Sony Pictures is officially bringing Bloodborne to the screen, and it is not going the safe route.
At CinemaCon, Sony Pictures announced that it is producing an animated, R-rated film based on FromSoftware's cult-favourite action RPG. The movie is being produced by PlayStation Productions, Lyrical Animation, and YouTuber jacksepticeye, whose real name is Seán McLoughlin. Sony Pictures and Lyrical Media, the parent company of Lyrical Animation, are co-financing the project.
That R rating matters. Bloodborne was never built like a mainstream all-ages fantasy story. The game drops players into Yharnam, a gothic city where people have transformed into deadly beasts after taking what was supposed to be a miracle cure. Players take on the role of a Hunter, part of a group tasked with killing these monsters. As the journey unfolds, the Hunter slowly uncovers the truth behind the outbreak while being guided, opposed, and manipulated by terrifying forces beyond human understanding.
For Malaysian and Southeast Asian players, this is one of those game adaptations that immediately stands out. Bloodborne has been part of gaming conversation for years, especially among players who love difficult action games, dark lore, and the whole Soulsborne style. Making it animated instead of live-action could be the smartest move here. The game's identity is tied so heavily to grotesque creature design, eerie gothic architecture, and surreal horror that animation may give the filmmakers more room to preserve its atmosphere properly.

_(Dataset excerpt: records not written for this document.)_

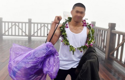 Nam thanh niên mặc áo ba lỗ check in đỉnh Fansipan trong thời tiết giá buốt gây nhiều tranh cãi những ngày qua |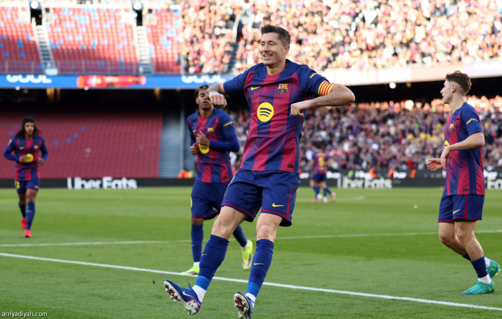 أمَّن فريق برشلونة الإسباني الأول لكرة القدم صدارته لجدول ترتيب الدوري المحلي، وابتعد بفارق أربع نقاط عن ملاحقه وغريمه ريال مدريد، بفوزه السبت عل ريال مايوركا بثلاثية نظيفة لحساب الجولة الـ 23، في مباراة انضم فيها المهاجم البولندي إلى قائمة نادرة من الهدافين.
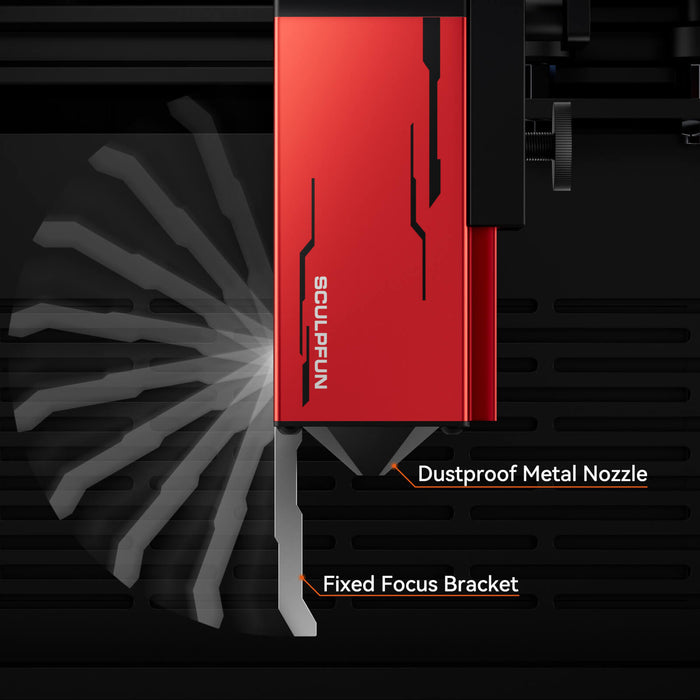 8. Replaceable Laser Lens: Sculpfun iCube series adopts an innovative laser head that supports to replace the laser lens, which greatly improves the service life of the laser by more than 10 times longer than that of other general lasers. When the lens is damaged or dirtied after long-term use, it can be replaced to restore the cutting power.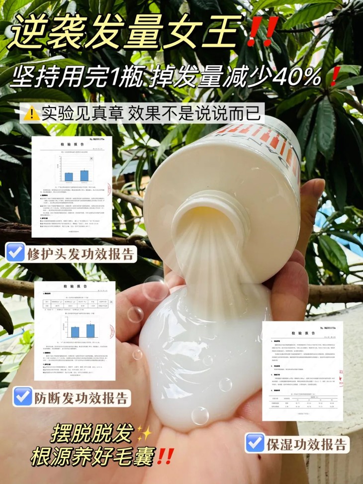 产品已通过防断发✅修护✅保湿功效测评✅功效口说无凭功效检测才最抗打!成分温和不刺激,在不破坏头皮发质保护层的前提注入养分,容易冲洗,不会给你的洗发体验带来任何负担。绵密细腻质地,轻轻一搓,泡沫丰富,有着令人称赞的清洁力,清洁的同时滋养头皮。如果你经常烫发、染发、头发容易打结受损严重,头皮容易紧绷、敏感还痒的,选对它就对了!含有华熙生物核心成份透明质酸钠原料,用料不惜成本,很适合干燥皮肤。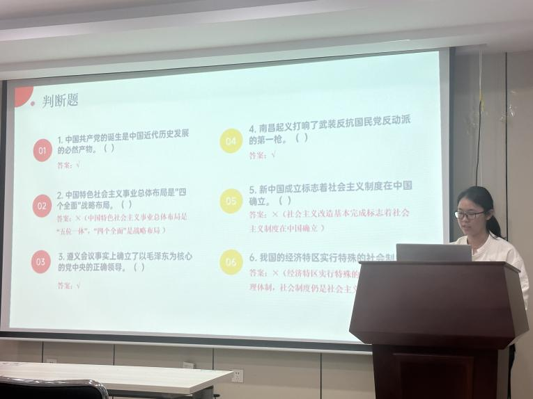 “从党的光辉历程到重大历史事件,都强化了我对党史知识的理解。”2022级财务管理专业黄唯程分享。本次活动创新性地采用“以赛促学”的教育形式,设计了多个环节,题目内容涉及新民主主义革命时期、社会主义革命和建设时期、改革开放新时期以及中国特色社会主义新时代四个关键历史阶段。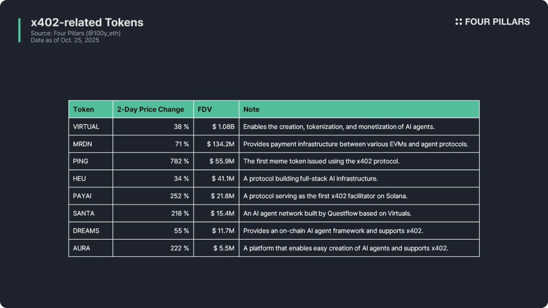 x402 進入炒作階段最直接的訊號,是相關代幣價格的暴漲。例如,每逢「AI 智能體」概念升溫便會連動上漲的代幣 $VIRTUAL,僅兩天內漲幅就達 40%;其他相關代幣也出現了大幅上漲,具體走勢如下列圖表所示。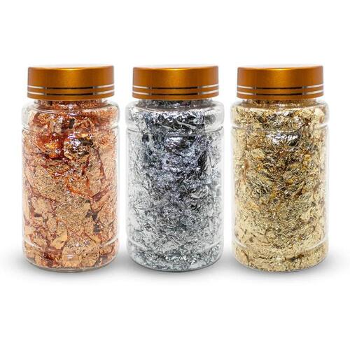 Kit 3 Potes Grandes Folhas De Ouro Dourado Prata Bronze Unha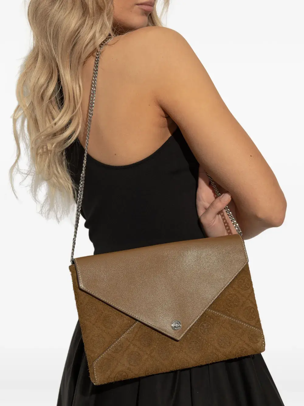 Клатч с логотипом и монограммой Tory Burch, коричневый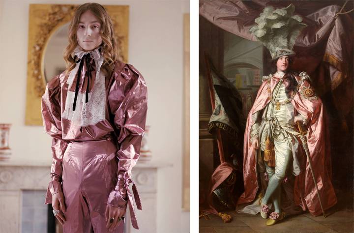 Left: Harris Reed Fluid Romanticism 001 (Courtesy Harris Reed; photo by Giovanni Corabi). Right: Joshua Reynolds, Portrait of Charles Coote, 1st Earl of Bellamont (1738–1800), in Robes of the Order of the Bath, 1773–74 (Dublin: National Gallery of Ireland).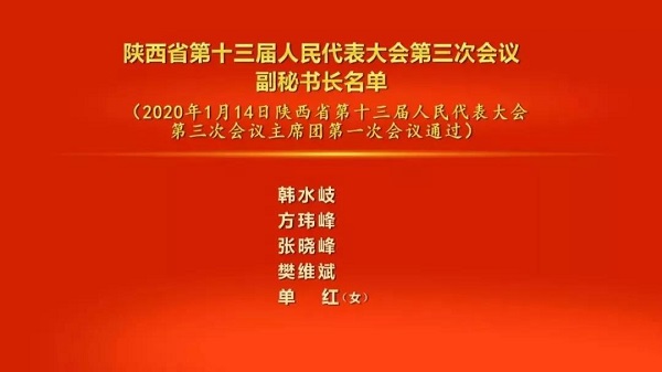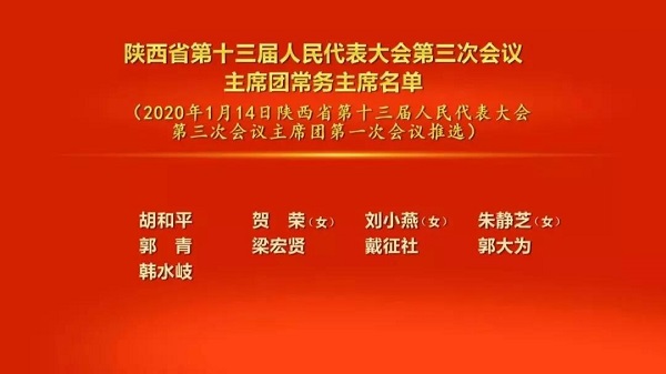 會議以按表決器方式,推選出由胡和平、賀榮、劉小燕、朱靜芝、郭青、梁宏賢、戴征社、郭大為、韓水岐組成的主席團常務(wù)主席;決定了會議日程;決定了大會執(zhí)行主席分組名單;決定韓水岐、方瑋峰、張曉峰、樊維斌、單紅擔(dān)任大會副秘書長。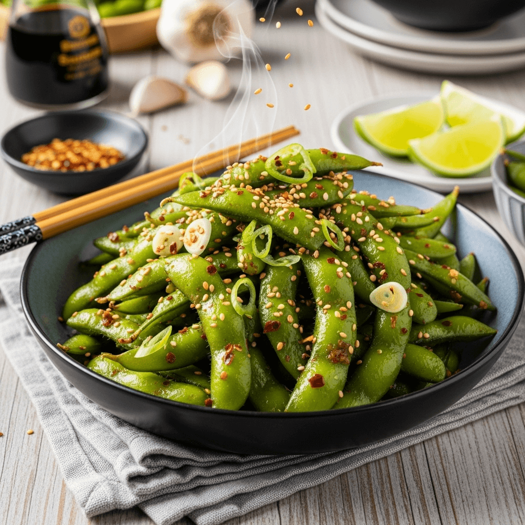 Presentation Tips: Serve in a wide, shallow bowl or on a large plate to showcase the vibrant green color. Garnish generously with sesame seeds and sliced green onions. Provide a small empty bowl for discarded pods and napkins—eating edamame is a hands-on experience! Lime wedges on the side add fresh brightness and look beautiful.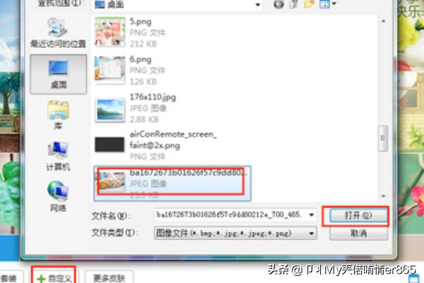 7.然后点击自定义,通过窗口选择我们刚刚保存的图片,此时我们就可以修改我们的皮肤了。当然我们可以省略步骤6,直接将一个图片在自定义中选择。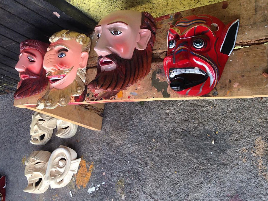 Los hombres por otro lado se dedican al trabajo duro (como ellos le llaman): a la elaboración de máscaras de madera como materia principal.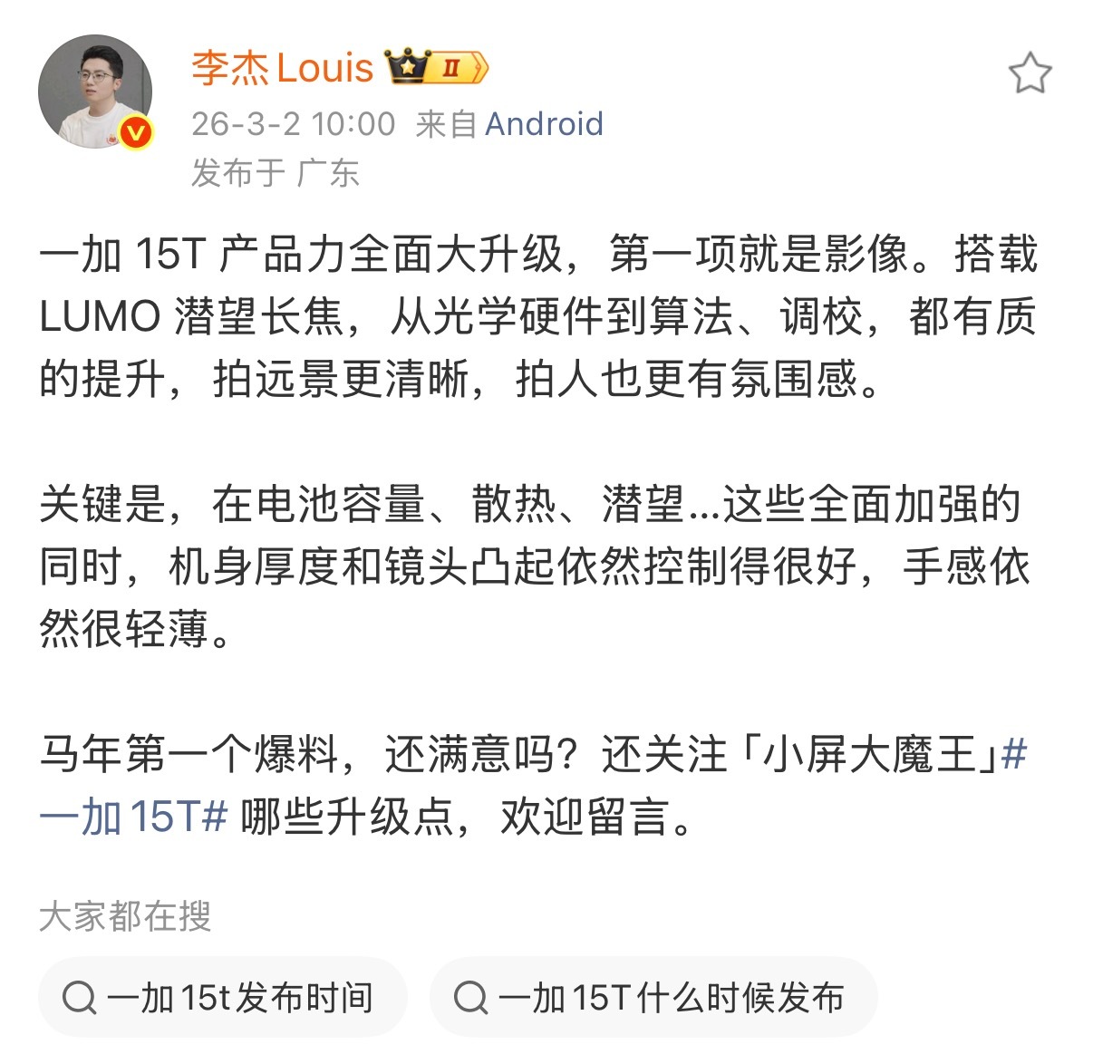 一加15T最近有不少预热和爆料信息了,大概看了一下,升级还算有诚意,影像有看点,小巧精致感方面也下了功夫做窄边框,设计也向主流靠拢。不过现在小屏旗舰做的比较好的其实就三家,苹果、小米和vivo,别家想要挤进来还是挺难的。没有特点还是不行,一加现在压力比较大,还是在有限资源下想着多搞一些吸引人的东西。

The original game was developed by FromSoftware, the studio behind Dark Souls, Sekiro, Elden Ring, and Armored Core. Sony Interactive Entertainment, which was still called Sony Computer Entertainment at the time, released Bloodborne for PlayStation 4 in March 2015.
This new film also shows how much demand there now is for FromSoftware adaptations beyond games. Sekiro: Shadows Die Twice is also getting an anime called Sekiro: No Defeat. Crunchyroll will stream it worldwide in 2026, excluding Japan, China, Korea, Russia, and Belarus. The game originally launched in March 2019 for PlayStation 4, Xbox One, and PC via Steam, and it sold more than 2 million copies worldwide in less than 10 days.
Then there is Elden Ring, which is heading to Hollywood in live-action form. Alex Garland, known for Ex Machina, Annihilation, and Civil War, is set to write and direct that film. Actor Kit Connor is reportedly in talks to star. The game launched in February 2022 on PS4, PS5, Xbox Series X|S, Xbox One, and PC via Steam. It passed 12 million copies sold worldwide by March 2022, and by April that year it had overtaken Call of Duty: Vanguard as the best-selling game in the US across the previous 12 months. Its DLC expansion, Shadow of the Erdtree, arrived in June 2024, with the base game required to play.
The bigger takeaway for SEA audiences is simple: game adaptations are no longer being treated as side projects. Sony is clearly willing to back major screen versions of PlayStation-linked titles, and in Bloodborne's case, it seems willing to keep the darker edge intact too. That should be good news for fans who would rather see the weirdness, violence, and horror preserved instead of watered down.
There is still a lot we do not know yet. No release window, cast, or director was announced alongside the reveal. Still, for horror anime fans, Soulsborne veterans, and anyone in the region keeping an eye on how Japanese game IP is expanding globally, this is already one to watch.